This is just . . . aggravating.


----------



## Aunt Marg (May 5, 2021)

Kaila said:


> Scrubbing the floor aggravated my wrist, .....again!


I know the feeling well, have lived it a few times over the years, Kaila. 

Hope your wrist heals up soon!


----------



## Aunt Marg (May 5, 2021)

Don't aggravate me, you wouldn't like me when I'm angry.


----------



## RubyK (May 5, 2021)

Removing the oven door to clean the oven has aggravated my arm and caused pain.


----------



## Aunt Marg (May 5, 2021)

RubyK said:


> Removing the oven door to clean the oven has aggravated my arm and caused pain.


Not you, too, Ruby?

Looks like it's your and Kaila's turn today, and mine tomorrow (figuratively speaking).


----------



## Ruthanne (May 5, 2021)

I don't get as aggravated as I used to especially by insignificant things or things I can do little about.


----------



## Pappy (May 5, 2021)

Spell check aggravates the heck out of me. Both my iPhone and iPad.


----------



## Aunt Marg (May 5, 2021)

Pappy said:


> Spell check aggravates the heck out of me. Both my iPhone and iPad.


Yeah, but what I really want to know, Paps, is did those out of date eggs you ate aggravate your tummy after?


----------



## win231 (May 5, 2021)

The main purpose of a family is to aggravate.


----------



## Aunt Marg (May 5, 2021)

win231 said:


> The main purpose of a family is to aggravate.

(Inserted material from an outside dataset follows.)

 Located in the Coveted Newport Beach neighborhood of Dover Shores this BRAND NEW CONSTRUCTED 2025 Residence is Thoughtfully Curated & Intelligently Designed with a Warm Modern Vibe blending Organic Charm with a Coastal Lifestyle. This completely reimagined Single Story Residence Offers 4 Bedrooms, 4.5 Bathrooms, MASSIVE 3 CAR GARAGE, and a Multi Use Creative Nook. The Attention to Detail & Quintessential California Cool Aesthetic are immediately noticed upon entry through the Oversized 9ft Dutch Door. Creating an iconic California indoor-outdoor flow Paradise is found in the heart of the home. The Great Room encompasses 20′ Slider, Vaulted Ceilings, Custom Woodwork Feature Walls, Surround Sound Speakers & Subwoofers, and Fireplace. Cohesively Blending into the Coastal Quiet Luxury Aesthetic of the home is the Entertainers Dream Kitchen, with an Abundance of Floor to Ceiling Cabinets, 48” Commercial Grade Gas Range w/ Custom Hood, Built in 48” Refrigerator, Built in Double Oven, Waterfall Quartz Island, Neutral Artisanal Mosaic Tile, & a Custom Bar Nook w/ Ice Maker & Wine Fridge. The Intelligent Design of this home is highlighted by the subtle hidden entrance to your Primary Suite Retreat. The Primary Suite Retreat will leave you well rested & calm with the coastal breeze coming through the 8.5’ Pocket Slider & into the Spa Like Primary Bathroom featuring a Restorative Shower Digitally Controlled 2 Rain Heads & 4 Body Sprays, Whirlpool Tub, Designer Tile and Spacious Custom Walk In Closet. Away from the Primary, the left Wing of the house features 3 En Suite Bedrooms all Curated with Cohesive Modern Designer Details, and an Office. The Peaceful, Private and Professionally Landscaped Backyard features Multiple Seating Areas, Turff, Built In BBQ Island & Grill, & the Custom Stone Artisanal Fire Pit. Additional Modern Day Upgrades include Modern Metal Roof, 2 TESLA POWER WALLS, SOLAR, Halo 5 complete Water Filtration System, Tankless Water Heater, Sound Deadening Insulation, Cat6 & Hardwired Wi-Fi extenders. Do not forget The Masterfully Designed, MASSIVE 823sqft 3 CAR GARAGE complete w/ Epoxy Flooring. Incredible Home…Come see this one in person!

I do know there were days where I was 100% certain that my kids purposely woke on the wrong side of their beds looking to aggravate mom, and boy, were they ever good at it.


----------



## Ruthanne (May 5, 2021)

Ruthanne said:


> I don't get as aggravated as I used to especially by insignificant things or things I can do little about.


But I also try not to expect myself to be perfect as so many have seemed to in my life thus far.


----------



## horseless carriage (May 5, 2021)




----------



## Dana (May 5, 2021)

When people try to aggravate you with their rudeness...show them the door


----------



## Pappy (May 6, 2021)

Aunt Marg said:


> Yeah, but what I really want to know, Paps, is did those out of date eggs you ate aggravate your tummy after?

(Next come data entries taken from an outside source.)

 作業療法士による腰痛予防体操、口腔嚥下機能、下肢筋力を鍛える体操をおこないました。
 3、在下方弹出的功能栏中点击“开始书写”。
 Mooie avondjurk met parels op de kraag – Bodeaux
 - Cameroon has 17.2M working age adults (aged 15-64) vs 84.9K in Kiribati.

Very much so. Several trips to the commode. Not fun. Makes a great laxative though.


----------



## Glowworm (May 6, 2021)

Incorrect use of the word aggravate aggravates my bad temper


----------



## Aunt Marg (May 6, 2021)

Pappy said:


> Very much so. Several trips to the commode. Not fun. Makes a great laxative though.


Happy to know you weathered the storm, Paps.


----------